The British pound rose for a second day on Tuesday after UK markets reopened following a long weekend. Traders showed slightly positive sentiment when former President Trump decided to delay imposing 50% tariffs on eurozone goods.
Yen Slides on BOJ Remarks and Debt Worries
The upbeat tone in global markets put pressure on the Japanese yen. The yen fell against major currencies despite comments from Bank of Japan Governor Kazuo Ueda, who warned that inflation risks remain and hinted at possible further monetary tightening.

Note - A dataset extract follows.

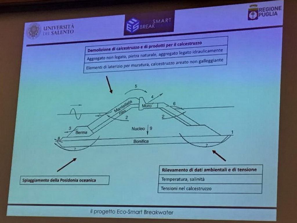 Il Progetto «ECO-SMART Breakwater» punta alla realizzazione di un composto di calcestruzzo cementizio realizzato riciclando la posidonia oceanica spiaggiata e gli scarti lapidei derivanti dalle attività di costruzione e demolizione. Nato dalla collaborazione tra il Dipartimento di Ingegneria dell’Innovazione dell’Università del Salento, Federbalneari Salento e il Centro di Ricerche CETMA, «ECO-SMART Breakwater», presentato alla stampa a Roma lo scorso 3 ottobre, presso il Consiglio Superiore dei Lavori Pubblici Ministero delle Infrastrutture e dei Trasporti è finanziato dalla Regione Puglia. Hanno partecipato alla presentazione: ing. Donato Carlea, Presidente del Consiglio Superiore dei Lavori Pubblici, prof. ing. Antonio Ficarella, Direttore del Dipartimento di Ingegneria dell’Innovazione dell’Università del Salento, prof. Francesco Saponaro, Presidente CETMA, ing. arch. Raffaele Giampetruzzi, Direttore Tecnico, Athanor Consorzio Stabile, prof. ing. Giuseppe Roberto Tomasicchio, Ordinario nel Dipartimento di Ingegneria dell’Innovazione dell’Università del Salento, ing. Wanda Arena, Marketing & Project Manager, CETMA, ing. Orazio Manni, Senior Director, RINA, dott. Giovanni Coppini, Direttore della divisione OPA, Centro Euro-Mediterraneo sui cambiamenti climatici, prof. ing. Domenico Laforgia, Direttore del Dipartimento Sviluppo Economico, Innovazione, Regione Puglia e dott. Mauro Della Valle, Presidente Federbalneari Salento.
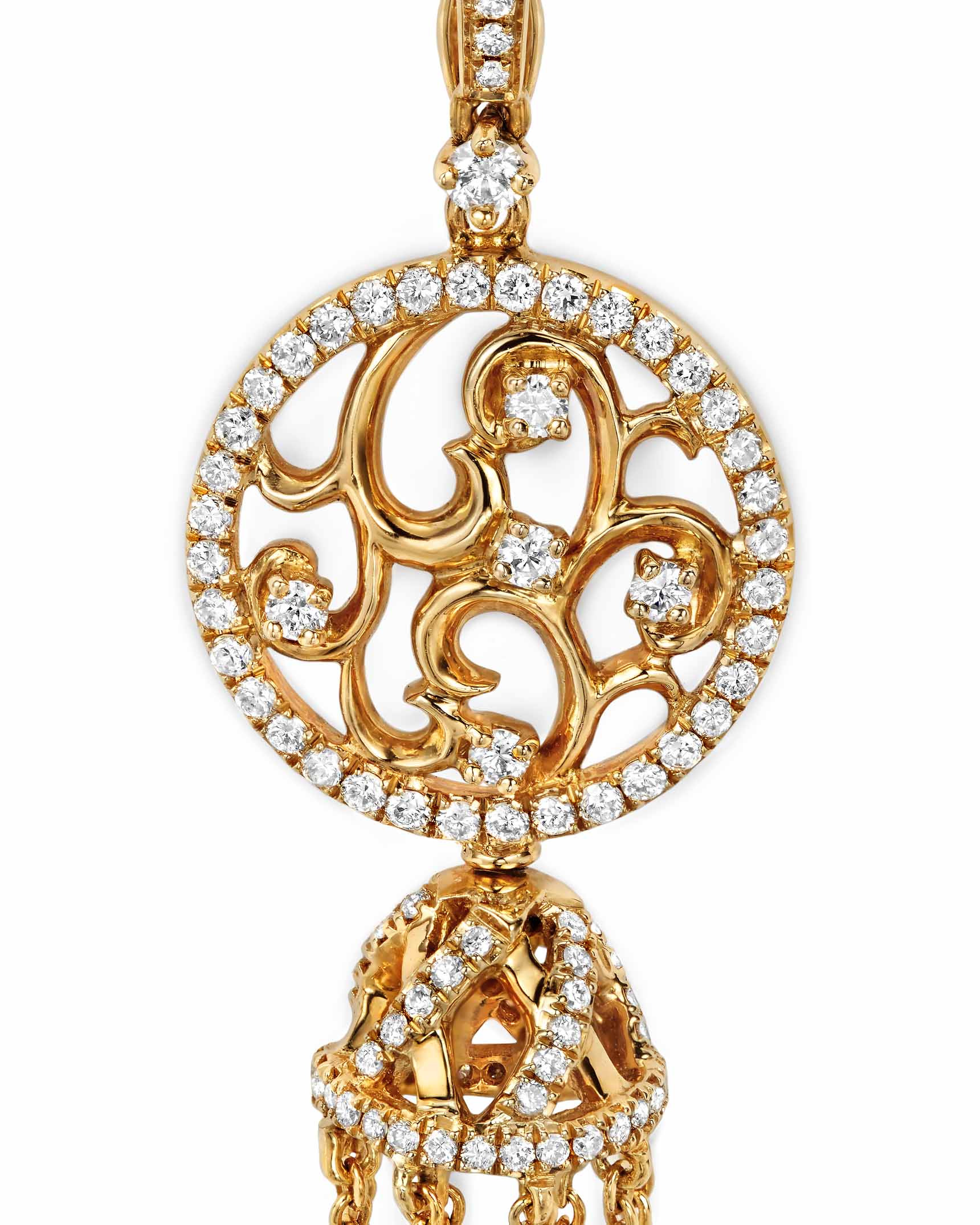 An 18k rose gold pendant with a French swirl motif featuring 8 strands set with a combined 113 round brilliant cut diamonds (total weight of 0.53 carats, G-H color and VS-clarity).

At the same time, concerns about Japan’s debt crisis weighed on the currency. A recent report stated that the Ministry of Finance may reduce its issuance of ultra-long government bonds this fiscal year. Demand from traditional buyers has fallen, pushing long-term yields higher. During Asian trading hours, the 30-year bond yield fell by around 20 basis points to 2.86%, adding further downward pressure on the yen.

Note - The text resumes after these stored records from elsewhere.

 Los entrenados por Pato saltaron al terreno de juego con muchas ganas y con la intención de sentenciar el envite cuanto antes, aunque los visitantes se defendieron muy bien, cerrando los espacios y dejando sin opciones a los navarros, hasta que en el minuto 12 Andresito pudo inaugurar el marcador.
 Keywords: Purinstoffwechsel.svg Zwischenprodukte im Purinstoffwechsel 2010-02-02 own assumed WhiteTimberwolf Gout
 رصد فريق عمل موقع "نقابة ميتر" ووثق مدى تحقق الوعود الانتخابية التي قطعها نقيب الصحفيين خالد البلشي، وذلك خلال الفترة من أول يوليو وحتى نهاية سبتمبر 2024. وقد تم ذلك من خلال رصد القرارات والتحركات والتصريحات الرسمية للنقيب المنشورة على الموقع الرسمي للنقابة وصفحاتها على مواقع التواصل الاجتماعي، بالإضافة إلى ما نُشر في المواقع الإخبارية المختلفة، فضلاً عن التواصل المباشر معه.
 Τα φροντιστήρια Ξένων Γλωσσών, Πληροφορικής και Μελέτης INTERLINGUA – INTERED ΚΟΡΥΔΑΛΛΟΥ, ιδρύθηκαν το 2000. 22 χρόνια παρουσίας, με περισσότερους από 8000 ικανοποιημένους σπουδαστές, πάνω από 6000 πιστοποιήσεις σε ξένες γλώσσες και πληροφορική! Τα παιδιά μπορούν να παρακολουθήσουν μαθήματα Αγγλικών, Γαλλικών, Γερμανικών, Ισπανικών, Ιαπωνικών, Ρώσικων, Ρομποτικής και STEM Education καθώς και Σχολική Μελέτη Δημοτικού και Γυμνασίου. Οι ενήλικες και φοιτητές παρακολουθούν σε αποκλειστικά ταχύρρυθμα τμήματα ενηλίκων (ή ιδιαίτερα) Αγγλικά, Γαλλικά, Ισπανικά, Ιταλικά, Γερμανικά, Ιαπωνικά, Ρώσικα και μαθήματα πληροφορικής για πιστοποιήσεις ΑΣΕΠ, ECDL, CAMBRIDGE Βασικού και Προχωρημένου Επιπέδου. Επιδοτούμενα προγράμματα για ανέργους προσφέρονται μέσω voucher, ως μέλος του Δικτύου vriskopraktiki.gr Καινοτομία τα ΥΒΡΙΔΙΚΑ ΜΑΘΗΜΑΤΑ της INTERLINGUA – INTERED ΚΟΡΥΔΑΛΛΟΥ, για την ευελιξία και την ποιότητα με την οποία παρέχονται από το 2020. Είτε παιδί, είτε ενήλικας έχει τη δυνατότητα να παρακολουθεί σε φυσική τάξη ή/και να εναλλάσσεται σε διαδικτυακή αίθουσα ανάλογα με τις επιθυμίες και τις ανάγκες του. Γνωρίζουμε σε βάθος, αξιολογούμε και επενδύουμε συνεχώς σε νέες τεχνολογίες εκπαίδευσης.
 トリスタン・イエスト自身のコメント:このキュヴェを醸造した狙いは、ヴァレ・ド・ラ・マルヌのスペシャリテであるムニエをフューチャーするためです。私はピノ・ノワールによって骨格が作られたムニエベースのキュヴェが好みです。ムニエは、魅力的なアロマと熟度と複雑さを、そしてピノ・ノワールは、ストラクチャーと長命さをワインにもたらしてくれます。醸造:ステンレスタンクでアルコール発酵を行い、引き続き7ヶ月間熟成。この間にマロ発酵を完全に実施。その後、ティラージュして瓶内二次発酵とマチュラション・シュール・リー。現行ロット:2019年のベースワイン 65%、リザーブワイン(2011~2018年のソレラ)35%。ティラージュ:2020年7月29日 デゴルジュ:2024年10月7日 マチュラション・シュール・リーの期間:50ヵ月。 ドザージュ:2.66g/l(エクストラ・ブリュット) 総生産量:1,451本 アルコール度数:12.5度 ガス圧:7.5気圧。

Technical Outlook for Sterling
Trading volume in the UK market was light, but sentiment appears supportive of further gains in sterling. Bulls are currently testing resistance near 194.25. If the pound breaks above this level, it may face the next hurdle at the May 13 high of 196.25. On the downside, support lies at Monday’s low of 193.05 and the 38.6% retracement level at 191.75.